SOURCE MATERIAL section start
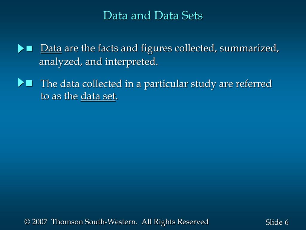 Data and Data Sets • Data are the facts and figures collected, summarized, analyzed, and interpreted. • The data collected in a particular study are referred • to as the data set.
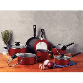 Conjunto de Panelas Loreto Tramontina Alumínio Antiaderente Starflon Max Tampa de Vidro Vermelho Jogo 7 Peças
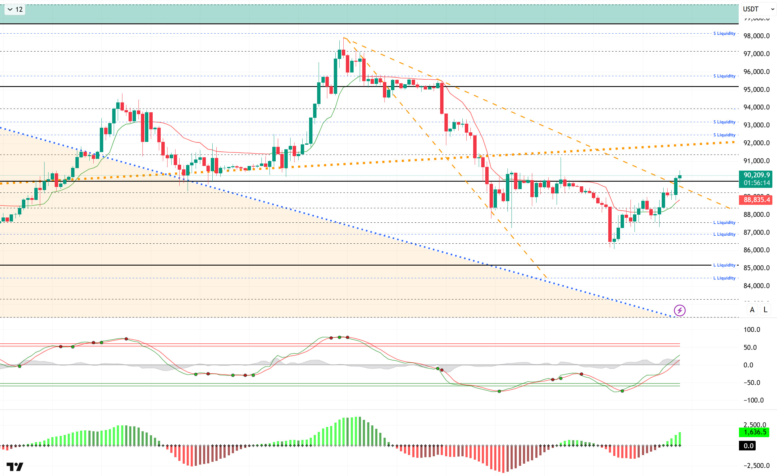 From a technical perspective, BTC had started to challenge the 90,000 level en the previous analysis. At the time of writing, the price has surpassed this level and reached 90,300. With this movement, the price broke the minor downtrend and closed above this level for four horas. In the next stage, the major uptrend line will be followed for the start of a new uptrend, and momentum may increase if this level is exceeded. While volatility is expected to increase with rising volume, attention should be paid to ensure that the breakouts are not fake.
SOURCE MATERIAL section end
PROBLEM TO WORK ON - Return exactly the lines of the data, beginning with the first and ending with the line containing "Conjunto de Panelas". Skip the pictures.

RESPONSE AREA -
 Data and Data Sets • Data are the facts and figures collected, summarized, analyzed, and interpreted. • The data collected in a particular study are referred • to as the data set.
 Conjunto de Panelas Loreto Tramontina Alumínio Antiaderente Starflon Max Tampa de Vidro Vermelho Jogo 7 Peças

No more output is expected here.